Analysis and Commentary


From data to decisions — three game changers explain how to get there

Analysis and Commentary




Nowadays manufacturers are, with few exceptions, in the data and analytics game. Data improves their own and their customers’ operations. 

Three high-tech Australian startups provide extreme examples.

Each is solving a very different problem — quality assurance and control issues in additive manufacturing, the need for robots to grip objects better, and finding the best possible fit for clothing — but each relies on collecting data, knowing what to make of it, and turning it into something useful.

Marten Jurg turned his PhD work into Additive Assurance, a Monash University spinout offering in-process detection of defects in laser powder bed fusion AM.

Picture: Additive Assurance

It is aiming to improve on quality control through CT scanning, a time-consuming and expensive process, and one that catches problems only after an expensive print job has been produced.

“Manufacturers don’t want more data. They don’t know what to do with the data they already have. They want… outcomes that can either improve their throughput or quality or some other measure,” says Jurg, whose company’s technology uses spectral imaging to capture manageable amounts of data, applying machine learning to it to catch issues.

“Back when we were still researchers at Monash Uni, that was one of the big questions we had to come to grips with. We thought we had this amazing idea of providing all this rich data to these manufacturers. Turns out they don’t want that. They want to know ‘What do I need to do to fix my problem?

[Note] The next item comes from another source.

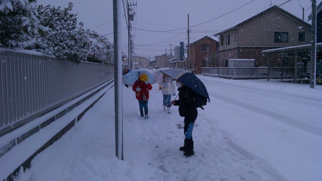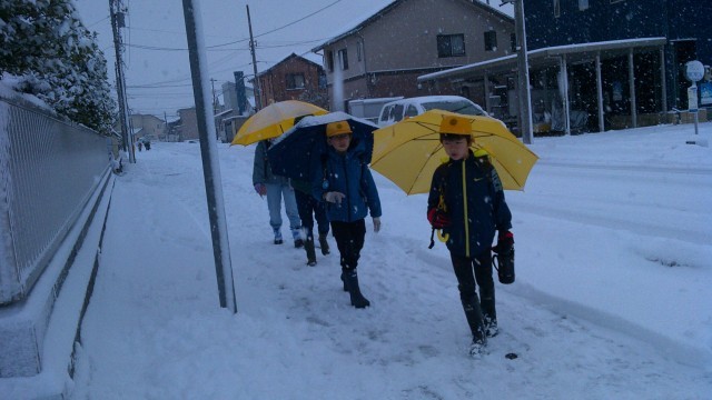 雪道では下学年の歩くペースが遅くなるので、いつも以上にゆっくり歩いたり、後ろの下級生を見守りながら歩いたり、手をつないだりしている上級生の姿が見られました。

And don’t tell me anything else because I’m busy.’”

Contactile also has its origins in university research, specifically on work from University of NSW inspired by human tactile sensing to give robot grippers a sense of touch. 

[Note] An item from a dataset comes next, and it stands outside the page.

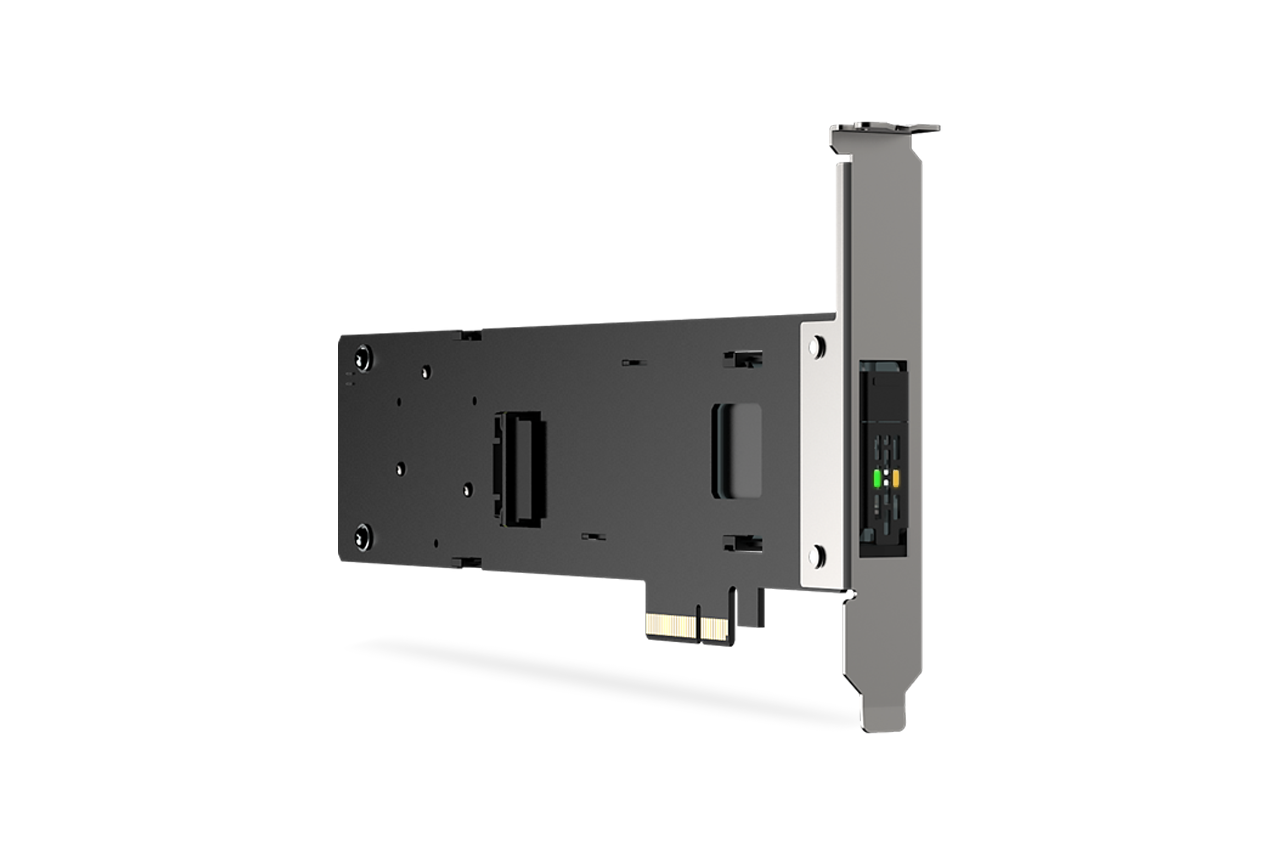 Aby zapewnić optymalną wydajność, zdecydowanie zaleca się instalację adaptera PCIe typu drive enclosure w gnieździe PCIe znajdującym się najbliżej CPU. Pozwala to zminimalizować fizyczną odległość transmisji sygnału, znacząco ograniczając ryzyko jego degradacji i zapewniając stabilną, spójną wydajność oraz oczekiwane prędkości transferu.

Robot dexterity limits automation in many industries. Contactile’s approach measures deformation in soft pads when a robot picks up an object, converting this into information like shear, rotation and slipperiness, while keeping the amount of data manageable for edge computing in real-time.

Developer kits are being sold to robotics and prosthetic researchers and it is exploring collaborations with private businesses to commercialise its products.

Co-founder and CEO Dr Heba Khamis says in a lot of cases a customer wouldn’t know what to do with data produced, and it’s “the job of the person who’s trying to sell the value of the data to give it value. So rather than selling data we want to sell information.”

In her company’s case this might mean implementing this data into a robot gripper’s control loop so it can run autonomously.

“So the data is there and it’s a feature, but in most respects [customers] probably don’t care about it that much,” she adds.

Bodd serves clothing retailers, uniform providers and others, offering a collection of products such as body scanners, cloud computing solutions and 3D printers. The goal of all this is to enable clients to provide clothing that fits beautifully with as little effort as possible.

Picture: bodd

Bodd is an SaaS business, charging customers per scan. It has partnered with Bosch, which has industrialised and manufactures Bodd’s hardware, and provides distribution and service support to customers.

Raw data is produced in abundance, says Bodd co-founder and CEO Rob Fisher, but the question is what users can do with that.

“Largely it comes down to good quality technology to process that scan data to create what we call analytics, what Heba refers to as information,” he explains. 

“You’ve kind of got this somewhat escalating value of information or analytics that can end up informing insights and predicting trends etc. So depending on the business challenge that you’re solving, raw data is very rarely of value.”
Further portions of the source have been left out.